Sanjar Shaakhmedov

Personal information
- Full name: Sanjar Shaakhmedov
- Date of birth: 23 September 1990 (age 35)
- Place of birth: Tashkent, Uzbek SSR, Soviet Union
- Height: 5 ft 8 in (1.73 m)
- Position: Midfielder

Team information
- Current team: Metallurg Bekabad

Senior career*
- Years: Team / Apps / (Gls)
- 2010–2014: AGMK / 98 / (11)
- 2015–2017: Lokomotiv Tashkent / 15 / (1)
- 2017: Al-Sailiya / 8 / (2)
- 2017–2019: Lokomotiv Tashkent / 46 / (10)
- 2019–2020: Terengganu / 37 / (16)
- 2021: AGMK / 24 / (1)
- 2022: Qizilqum / 26 / (1)
- 2023: Sogdiana Jizzakh / 23 / (0)
- 2024: Dinamo Samarqand / 23 / (1)
- 2025: Khorazm / 14 / (0)
- 2026–: Metallurg Bekabad / 0 / (0)

International career^{‡}
- 2015–2021: Uzbekistan / 3 / (0)

= Sanjar Shaakhmedov =

Uzbekistani footballer

Sanjar Shaakhmedov (Russian: Санжар Шоахмедов; born 23 September 1990) is an Uzbekistani professional footballer who plays as a midfielder for Uzbekistan Super League club Metallurg Bekabad.

== Career ==

=== Lokomotiv Tashkent (2015–2017) ===
Sanjar started his professional football career at Lokomotiv Tashkent in 2015, making his debut in a 3-1 defeat against Al Hilal for the AFC Champions League on 25 February 2015, and scoring his first goal in a 5-0 victory against Al-Sadd on 8 April 2015.

=== Al-Sailiya ===
Sanjar signed for Al-Sailiya for €500 thousand on 16 January 2017, making his first match on the club in a 1-0 victory against Umm Salal for Stars League on 20 January 2017, and scoring his first goal in a 1-1 draw against El-Jaish on 2 February 2017.

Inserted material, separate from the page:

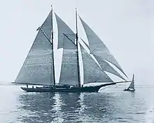 The Phantom was a centerboard schooner built in the summer of 1865 by Joseph D. Van Deusen and owned by yachtsman Henry G. Stebbins and part of the New York Yacht Squadron. She was constructed on the same model as the flagship yacht Sylvia. She was 123.3 tons burden, and 92 length on deck. She was painted a deep maroon.[1][2]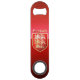 This bottle opener features three gold lions "en passant" aligned on top of each other on a red shield inspired by the Great Seal of King Richard the Lionheart.

=== Lokomotiv Tashkent (2017–2019) ===
Sanjar came back to Lokomotiv for €300 thousand on 7 August 2017, making his comeback match in a 4-0 victory against Sogdiana for O'Zbekiston Superligasi on 12 August 2017 and scoring his first goal for the season in a 3-1 victory against FK Obod on 29 September 2017.

=== Terengganu FC ===
Sanjar signed with Terengganu FC on 4 January 2019. He debuted against PKNS FC on 1 February 2019. The match ended 1-1.

== International career ==

=== Uzbekistan (2015-2016) ===
Sanjar was called up to the Uzbekistan national team for the 2018 FIFA World Cup qualification matches, but he stayed on the bench for 7 out of the 8 matches played by the squad. For the match against Yemen, he wasn't in the starting lineup, nor on the bench.